Ya'll got back together-- so it looks as if you two are willing to commit to each other and realize that you want each other in your lives. If that is the truth and you want to keep this relationship from crumbling and succumbing to the pressures and strains like the last time this woman tried to put herself in the middle-- you need to tell her to stay away for a while. You don' t have to cut her off completely if you don't feel like you can. Simply tell her something to the effect of, "look ____, you are my friend and I would like to continue being friends with you...however you are inserting yourself into parts of my life that you don't belong, and it isn't helping. If you would like to be my friend could you give me 6 months to a year with no contact so that I can save my relationship? I value you, but I don't like the way our friendship has evolved and I think it would be a good idea for us both to take a break."  

  

  

See if this works, and if she wants to stop being friends with you all together then that isn't an entirely bad idea in light of the continuing problems. These are only suggestions, but if I were in your position I would weigh which meant more to me. The friend or the relationship? While we should never have to choose-- you have to now that relationships have overlapped. Since you have known this girl for years perhaps you would like to choose her? But a true friend doesn't treat their good friend of 7 years by worming her way into their relationships...this is the best advice I can give. If you want to save your relationship you and your boyfriend have to be united against outsiders trying to meddle.  

  

  

Dear Parisiene  

   

Thank you for your advice.. i really appreciate it.  

   

I will speak to my "friend" and tell her how i feel about her interfering in my relationship with my boyfriend. However the problem is that he will not open up to me at all anymore.  

   

When asked why he is angry at me his response is "Nothing". I've told him if he doesn't talk to me i am not going to put up with him going to speak to someone else when the relationship concerns me and him only not our friend.  

   

I asked him if he thinks our relationship is worth saving and he simply said "its up to you".  

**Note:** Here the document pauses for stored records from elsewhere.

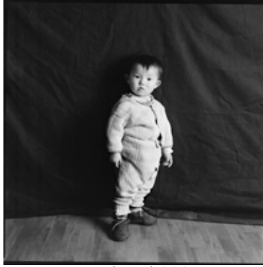
mei mei 111 Limited Edition Print 20" x 20" $250.00 unframed $450.00 framed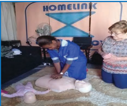
Our candidates have CPR and Firstaid training.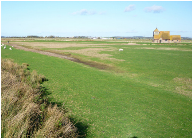
Figure 4 The late 13th century Fairfield Church lies just inland of the Great Wall protecting Walland Marsh; the Wall must pre-date the church.

With the dearth of direct evidence from excavation, a variety of proxy methods have been employed to elucidate the chronology of land-claim in England. These have shown that major drainage and flood prevention work was underway in several areas well before the Norman Conquest.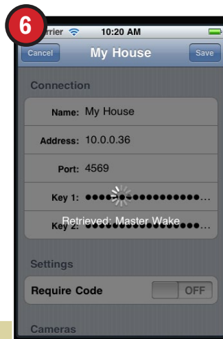
Step 6: Wait for the data to completely download. After download completes, touch the “Save” button located in the top-right corner.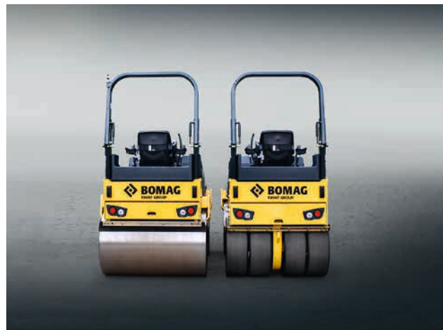
BW 135/138: The heavyweights from 3.9 to 4.3 t.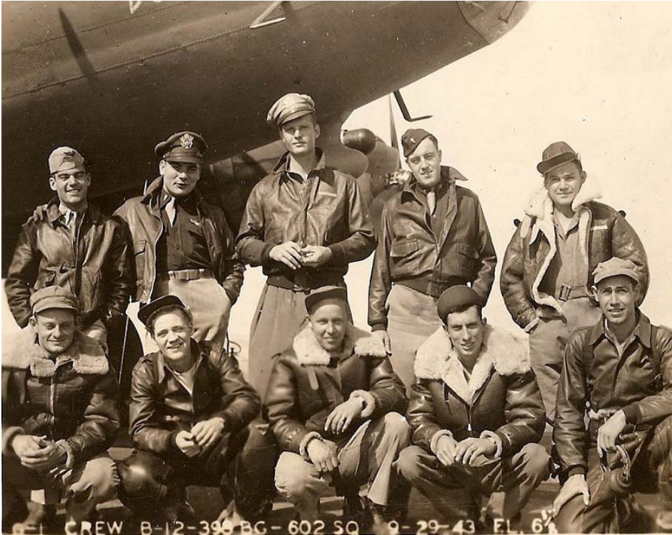
Unknown crew 602 nd SQ.

This training photo is dated September 29, 1943.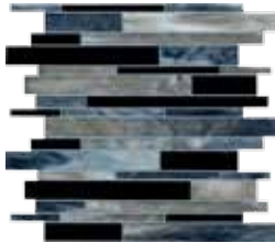
UJ9Z Steel Toe Random Mosaic 12"x12"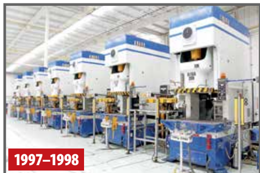
(7) AIDA NC1-200(2) GAP FRAME PRESS W/ORII TRANSFER ROBOTS

COMPLETE FACILITY CLOSURE OF ELECTRONIC PARTS MFR.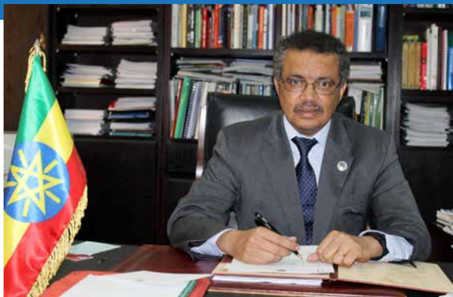
Dr. Tedros Adhanom, Minister of Foreign Affairs

In this connection, I would like to congratulate the UN, its member States and the international community in general for the adoption of the Addis Ababa Action Agenda which laid a global framework for financing development in the post-2015 era. The Third International Conference on Financi-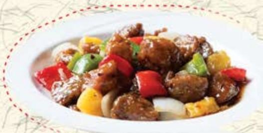
SWEET & SOUR PORK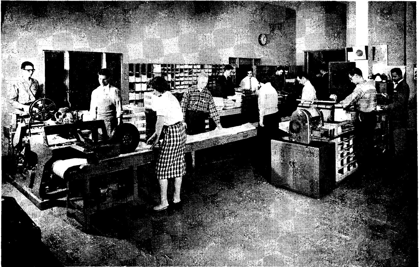
Ambassador College Press Mailing Department as it is today — 1961 — showing part of our new IBM electronic system.

He believes that i am just jealous of their friendship and the truth is i am because he talks to her n not to me and during our break he had feelings for her.  

   

I told him that if he asked her if she had feelings for him and she said no not to come back to me because i WOULD NOT be second best.  

   

After we got back together i found out that is exactly what he had done and asked him why he didn't tell me before we got back together so i could make the decision myself and he didn't respond at all to that.  

   

I love him and ask him if he loves me. he tells me yes.  

   

i ask him as i need to feel loved because i don't feel that from my family and i just like the reassurance do u think that this is what is causing the problems between us??  

   

i love him and want to be with him but fear that our relationship is already over due to our friends interference.  

   

i am willing to give our friendship a break so i can work out my problems with my boyfriend but the problem is that we have same group of friends and will see each other at parties. i know that my boyfriend isn't willing to give up his friendship for our relationship.  

   

Is this a sign that he doesn't want to be with me and put our relationship first??